Defining and selling AI
Frost explained that AI is becoming more important to government and business is generally because of three factors: cheaper computing power, better algorithms and the fact that we capture data everywhere. But for internal teams to “sell” AI within government, there needs to be a clear understanding of what is being discussed.
“We’re not talking about machines replacing humans,” he said. “AI is a broad-brush term and that is one of the challenges. There are a range of things that can mean AI including natural language processing, machine learning, predictive modelling, computer vision, and even things like forecasting can fall within the definition of AI.”
AI can provide value to government in three areas: decision making, automation of dull and repetitive tasks that can be done faster and with more accuracy than humans, and in predictive modelling.
“One of the risks I see in this area is that there is a lot of experimentation going on versus success projects – people are trying things that are not core of what they do today,” Frost said. “People think the first AI project they have to take on is Google or do weird and wonderful things. But the biggest potential benefit in AI is the dull, difficult and dirty.”

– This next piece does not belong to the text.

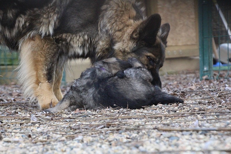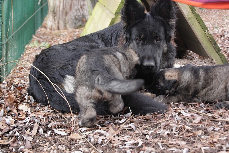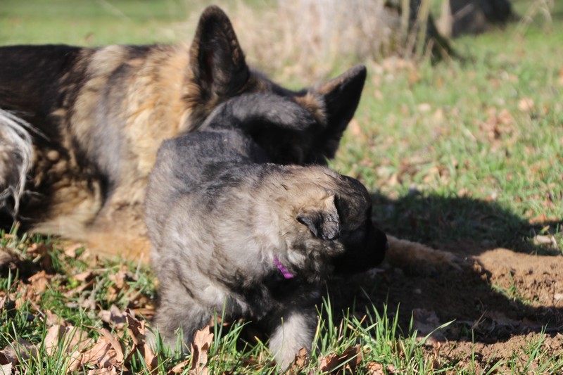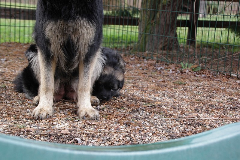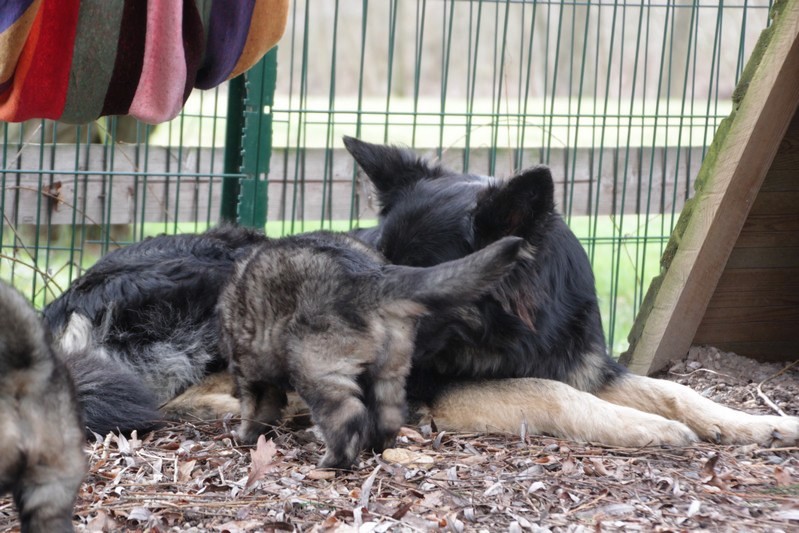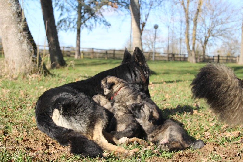 de savoir vivre pour Soukie… Mademoiselle avait déjà tété et voulait jouer avec maman et lui sauter dessus ! maman a dit non, Soukie a essayé par tout les moyens, mais quand maman dit non c’est non et tout passe par le regard.

Where AI is designated within the organisation is also an important consideration for the sales of AI. If it is seen as an ICT solution, the “internal sales team” are the IT team or data scientists. Their pitches become bogged down in the technical components of AI processes and models. And the focus is not on business outcomes and results.
A purely technical pitch to senior executives, Frost finds, rarely gets internal approval or momentum.
But embedding AI projects within business divisions that are at the frontline of delivering policy and services means the technical experts are working with subject matter experts to deliver business outcomes. And the pitch for AI becomes a “no-brainer”.
This was an important lesson for Mansell in his early work on AI in New Zealand.
“One of the most important things I was told was that I needed to get out and start talking to people,” he said. And Mansell learned to approach the use of AI with humility, framing insight as discovery for experts to interpret, rather than saying the model knows best.
Leading the AI transition in Australia
New Zealand still faces challenges with the use of AI, particularly in the area of data sharing. But framework, policies and prototyping continue to reduce the barriers. The challenges New Zealand has faced are also seen in Australia – just on a larger scale. Yet they are barriers that can be addressed.
“I see the same appetite in Australia and Australia is getting great outcomes in certain areas – but there is a bit more complexity here,” Frost said. “New Zealand benefited by being first out of the blocks and having pretty strong leadership. If you are going to do any change – it doesn’t matter if it is technology change or organisation change – if you have strong leadership, you can drive it through.”
Leadership, Mansell agreed, is critical in the AI formula for success to ensure outcomes are business and people focused.
“I see analytical insights and AI as a change leadership challenge,” he said. “An insight by definition tells you something you didn’t already know. And that confronts existing practice. So, generating insights is one thing. Turning insight into action is where the real challenge lay.”